Weekly Speak CEO Column
Taking the big ideas to Canberra
With the federal election campaign all but done and dusted, local government in Queensland has a much better idea about where the major parties stand on our policy proposals.
Our campaign approach was worked, drawing out both Labor and the Liberal National Party on detailed policy pledges thanks to the LGAQ’s local community report cards issued at crucial stages over the past five weeks.
We have convinced the parties to come up with credible policies on a range of issues, from indigenous housing to the need for national leadership in waste management.
However, no matter what political colour our next federal government turns out to be, the job for local councils will be to convince it of the absolute necessity of restoring financial assistance grants to at least 1 percent of total Commonwealth tax revenue.
As the Palaszczuk Government well knows, having announced 494 new Works for Queensland yesterday, local councils create jobs and invest grant funding efficiently. They are the best value for money going for any government that wants proper returns on infrastructure investment. They also know the needs and aspirations of local communities like no other level of government.
As the LGAQ and member councils head into preparing budgets for the 2019-20 year, it’s timely to remind people about the Association’s financial priorities.
Our chief financial officer Darren Leckenby has made a few important points in this week’s accompanying video on the LGAQ budget (See below)

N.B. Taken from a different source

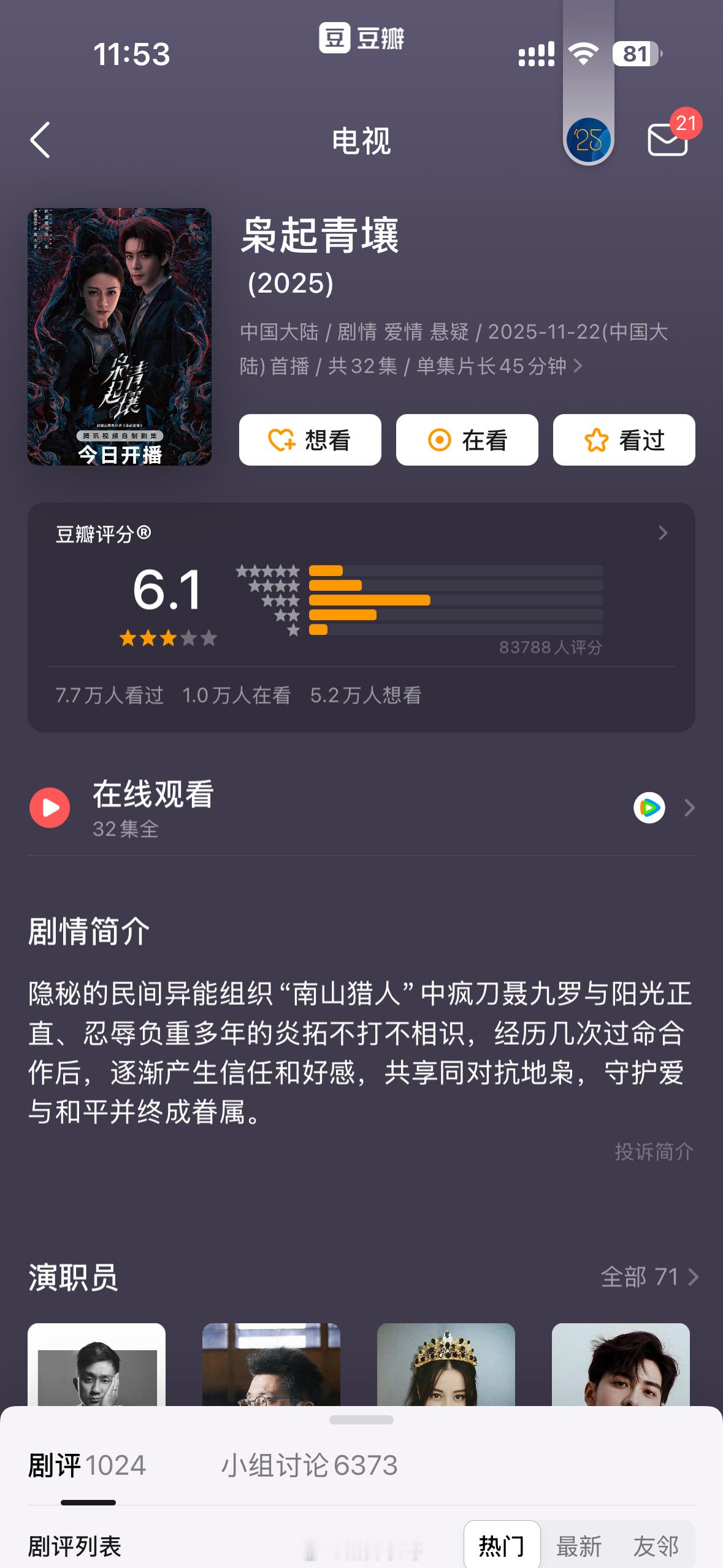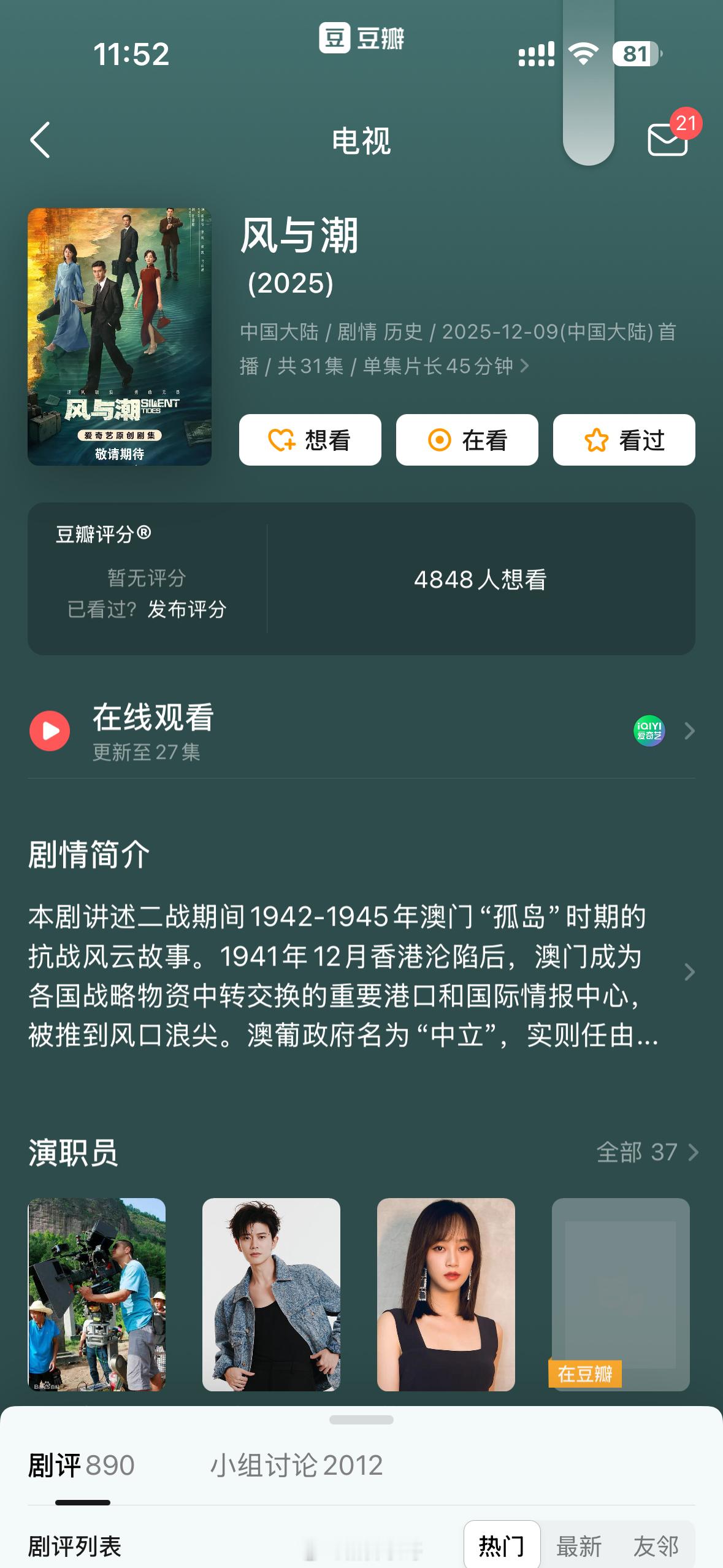 虞书欣的《双轨》豆瓣开分6.7分,是播完了开的之前陈妍希的《狙击蝴蝶》也是播完了开,6.8分迪丽热巴的《枭起青壤》也是一样,最后开了6.1分目前成毅的《长安二十四计》和任嘉伦的《风与潮》也都快播完了,也没有开按照快播完了都不开分必烂片的定律,也不会超过7分这个定律很简单,就像考试完了考得好,那老师还没有公布成绩,大家就都知道了。成绩差的,老师公布了成绩,家长可能好久都不知道,一样的道理。

The key initiatives we are looking to fund in this Budget include the ongoing development of LG Sherlock, the rollout of Jadu website technology to more councils, dedicated funding for campaigns like our activities around this federal election and specific initiatives for the 2020 local government elections such as an independent electoral monitor.
The LGAQ will be preparing a $23 million annual budget, of which just $4.9 million or 20 percent of our total annual investment in services to our members, will be paid for through member subscriptions.

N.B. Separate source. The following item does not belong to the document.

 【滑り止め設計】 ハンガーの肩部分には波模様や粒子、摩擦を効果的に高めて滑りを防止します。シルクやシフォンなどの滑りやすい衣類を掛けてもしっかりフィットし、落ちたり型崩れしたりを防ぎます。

We collect member subscriptions via a detailed formula that importantly incorporates consideration of both population size and expenditure budget of each council to ensure a member’s individual subscription is calibrated to reflect their capacity to pay. This ensures that all 77 councils will continue to have an opportunity to be a member of the LGAQ, an important demonstration of the sector’s unity, as recently demonstrated at our Special General Meeting.
As trustee of Local Government Mutual and Local Government Workcare, the LGAQ Board will consider at its June 2019 meeting, based on its existing policy and financial position of the schemes,the return of up to $5 million in scheme surpluses to participating insurance scheme members.
What that mean is that, for the vast majority of councils that are members of LGM and LGW, their insurance schemes will receive a direct return via their participation in these schemes that will be equal or greater than their 2019-2020 annual LGAQ membership subscription.